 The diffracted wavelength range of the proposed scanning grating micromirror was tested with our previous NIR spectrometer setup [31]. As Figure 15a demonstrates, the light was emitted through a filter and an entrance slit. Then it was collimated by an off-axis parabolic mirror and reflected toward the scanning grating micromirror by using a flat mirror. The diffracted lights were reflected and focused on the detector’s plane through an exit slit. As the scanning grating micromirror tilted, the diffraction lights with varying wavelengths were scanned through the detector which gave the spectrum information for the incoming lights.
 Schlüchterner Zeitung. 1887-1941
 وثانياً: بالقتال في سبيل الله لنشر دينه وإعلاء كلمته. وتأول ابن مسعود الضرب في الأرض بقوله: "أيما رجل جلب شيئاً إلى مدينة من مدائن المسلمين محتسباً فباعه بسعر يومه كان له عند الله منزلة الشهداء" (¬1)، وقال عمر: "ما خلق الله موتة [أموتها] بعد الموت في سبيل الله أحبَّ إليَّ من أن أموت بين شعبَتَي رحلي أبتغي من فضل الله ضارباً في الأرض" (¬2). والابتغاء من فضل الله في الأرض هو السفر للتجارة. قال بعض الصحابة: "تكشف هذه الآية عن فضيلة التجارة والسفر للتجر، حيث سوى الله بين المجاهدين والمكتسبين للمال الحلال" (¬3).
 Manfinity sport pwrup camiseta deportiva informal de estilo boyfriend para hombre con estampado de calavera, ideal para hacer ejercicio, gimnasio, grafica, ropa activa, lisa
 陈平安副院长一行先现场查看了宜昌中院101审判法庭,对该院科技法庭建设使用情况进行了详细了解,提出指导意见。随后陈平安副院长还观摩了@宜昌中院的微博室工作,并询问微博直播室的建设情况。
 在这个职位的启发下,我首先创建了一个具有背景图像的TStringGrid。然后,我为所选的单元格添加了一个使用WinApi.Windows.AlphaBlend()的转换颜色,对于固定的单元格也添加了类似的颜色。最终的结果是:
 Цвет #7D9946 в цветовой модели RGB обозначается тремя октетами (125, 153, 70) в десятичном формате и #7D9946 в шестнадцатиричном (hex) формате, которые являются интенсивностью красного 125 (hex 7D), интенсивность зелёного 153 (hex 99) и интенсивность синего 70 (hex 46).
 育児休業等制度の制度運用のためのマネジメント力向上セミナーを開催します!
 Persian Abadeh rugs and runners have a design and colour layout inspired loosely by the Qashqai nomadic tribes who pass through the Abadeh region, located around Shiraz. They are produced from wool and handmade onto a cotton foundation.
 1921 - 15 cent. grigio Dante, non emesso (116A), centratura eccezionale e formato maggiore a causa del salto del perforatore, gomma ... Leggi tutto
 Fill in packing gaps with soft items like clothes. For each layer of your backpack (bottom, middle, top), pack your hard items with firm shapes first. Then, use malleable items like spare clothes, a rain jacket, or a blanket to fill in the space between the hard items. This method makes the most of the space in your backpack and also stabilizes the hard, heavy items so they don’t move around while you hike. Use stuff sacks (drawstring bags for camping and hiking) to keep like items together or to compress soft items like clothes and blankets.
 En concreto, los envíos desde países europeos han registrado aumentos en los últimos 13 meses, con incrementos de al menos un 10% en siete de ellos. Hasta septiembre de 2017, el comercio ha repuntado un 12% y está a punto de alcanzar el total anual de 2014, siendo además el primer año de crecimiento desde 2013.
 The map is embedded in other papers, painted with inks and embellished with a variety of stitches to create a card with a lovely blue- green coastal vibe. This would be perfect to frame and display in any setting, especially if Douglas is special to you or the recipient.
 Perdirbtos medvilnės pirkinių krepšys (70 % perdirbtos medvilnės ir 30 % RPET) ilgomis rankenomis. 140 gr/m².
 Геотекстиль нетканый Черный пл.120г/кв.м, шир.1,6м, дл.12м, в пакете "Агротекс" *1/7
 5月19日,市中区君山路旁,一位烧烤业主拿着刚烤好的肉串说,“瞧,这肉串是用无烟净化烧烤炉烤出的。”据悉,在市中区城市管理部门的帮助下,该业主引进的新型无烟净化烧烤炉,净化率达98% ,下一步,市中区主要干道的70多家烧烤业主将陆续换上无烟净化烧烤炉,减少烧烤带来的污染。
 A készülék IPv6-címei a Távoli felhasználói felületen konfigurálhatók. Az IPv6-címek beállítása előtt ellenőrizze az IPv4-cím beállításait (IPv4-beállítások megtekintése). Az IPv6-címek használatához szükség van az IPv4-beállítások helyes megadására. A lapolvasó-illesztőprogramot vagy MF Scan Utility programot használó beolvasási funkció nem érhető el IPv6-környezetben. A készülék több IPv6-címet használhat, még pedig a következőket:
○ ○ ○ ○ ○
REQUIREMENT:
Copy out the records once more, exactly as they are written.

ANSWER BELOW:
 The diffracted wavelength range of the proposed scanning grating micromirror was tested with our previous NIR spectrometer setup [31]. As Figure 15a demonstrates, the light was emitted through a filter and an entrance slit. Then it was collimated by an off-axis parabolic mirror and reflected toward the scanning grating micromirror by using a flat mirror. The diffracted lights were reflected and focused on the detector’s plane through an exit slit. As the scanning grating micromirror tilted, the diffraction lights with varying wavelengths were scanned through the detector which gave the spectrum information for the incoming lights.
 Schlüchterner Zeitung. 1887-1941
 وثانياً: بالقتال في سبيل الله لنشر دينه وإعلاء كلمته. وتأول ابن مسعود الضرب في الأرض بقوله: "أيما رجل جلب شيئاً إلى مدينة من مدائن المسلمين محتسباً فباعه بسعر يومه كان له عند الله منزلة الشهداء" (¬1)، وقال عمر: "ما خلق الله موتة [أموتها] بعد الموت في سبيل الله أحبَّ إليَّ من أن أموت بين شعبَتَي رحلي أبتغي من فضل الله ضارباً في الأرض" (¬2). والابتغاء من فضل الله في الأرض هو السفر للتجارة. قال بعض الصحابة: "تكشف هذه الآية عن فضيلة التجارة والسفر للتجر، حيث سوى الله بين المجاهدين والمكتسبين للمال الحلال" (¬3).
 Manfinity sport pwrup camiseta deportiva informal de estilo boyfriend para hombre con estampado de calavera, ideal para hacer ejercicio, gimnasio, grafica, ropa activa, lisa
 陈平安副院长一行先现场查看了宜昌中院101审判法庭,对该院科技法庭建设使用情况进行了详细了解,提出指导意见。随后陈平安副院长还观摩了@宜昌中院的微博室工作,并询问微博直播室的建设情况。
 在这个职位的启发下,我首先创建了一个具有背景图像的TStringGrid。然后,我为所选的单元格添加了一个使用WinApi.Windows.AlphaBlend()的转换颜色,对于固定的单元格也添加了类似的颜色。最终的结果是:
 Цвет #7D9946 в цветовой модели RGB обозначается тремя октетами (125, 153, 70) в десятичном формате и #7D9946 в шестнадцатиричном (hex) формате, которые являются интенсивностью красного 125 (hex 7D), интенсивность зелёного 153 (hex 99) и интенсивность синего 70 (hex 46).
 育児休業等制度の制度運用のためのマネジメント力向上セミナーを開催します!
 Persian Abadeh rugs and runners have a design and colour layout inspired loosely by the Qashqai nomadic tribes who pass through the Abadeh region, located around Shiraz. They are produced from wool and handmade onto a cotton foundation.
 1921 - 15 cent. grigio Dante, non emesso (116A), centratura eccezionale e formato maggiore a causa del salto del perforatore, gomma ... Leggi tutto
 Fill in packing gaps with soft items like clothes. For each layer of your backpack (bottom, middle, top), pack your hard items with firm shapes first. Then, use malleable items like spare clothes, a rain jacket, or a blanket to fill in the space between the hard items. This method makes the most of the space in your backpack and also stabilizes the hard, heavy items so they don’t move around while you hike. Use stuff sacks (drawstring bags for camping and hiking) to keep like items together or to compress soft items like clothes and blankets.
 En concreto, los envíos desde países europeos han registrado aumentos en los últimos 13 meses, con incrementos de al menos un 10% en siete de ellos. Hasta septiembre de 2017, el comercio ha repuntado un 12% y está a punto de alcanzar el total anual de 2014, siendo además el primer año de crecimiento desde 2013.
 The map is embedded in other papers, painted with inks and embellished with a variety of stitches to create a card with a lovely blue- green coastal vibe. This would be perfect to frame and display in any setting, especially if Douglas is special to you or the recipient.
 Perdirbtos medvilnės pirkinių krepšys (70 % perdirbtos medvilnės ir 30 % RPET) ilgomis rankenomis. 140 gr/m².
 Геотекстиль нетканый Черный пл.120г/кв.м, шир.1,6м, дл.12м, в пакете "Агротекс" *1/7
 5月19日,市中区君山路旁,一位烧烤业主拿着刚烤好的肉串说,“瞧,这肉串是用无烟净化烧烤炉烤出的。”据悉,在市中区城市管理部门的帮助下,该业主引进的新型无烟净化烧烤炉,净化率达98% ,下一步,市中区主要干道的70多家烧烤业主将陆续换上无烟净化烧烤炉,减少烧烤带来的污染。
 A készülék IPv6-címei a Távoli felhasználói felületen konfigurálhatók. Az IPv6-címek beállítása előtt ellenőrizze az IPv4-cím beállításait (IPv4-beállítások megtekintése). Az IPv6-címek használatához szükség van az IPv4-beállítások helyes megadására. A lapolvasó-illesztőprogramot vagy MF Scan Utility programot használó beolvasási funkció nem érhető el IPv6-környezetben. A készülék több IPv6-címet használhat, még pedig a következőket:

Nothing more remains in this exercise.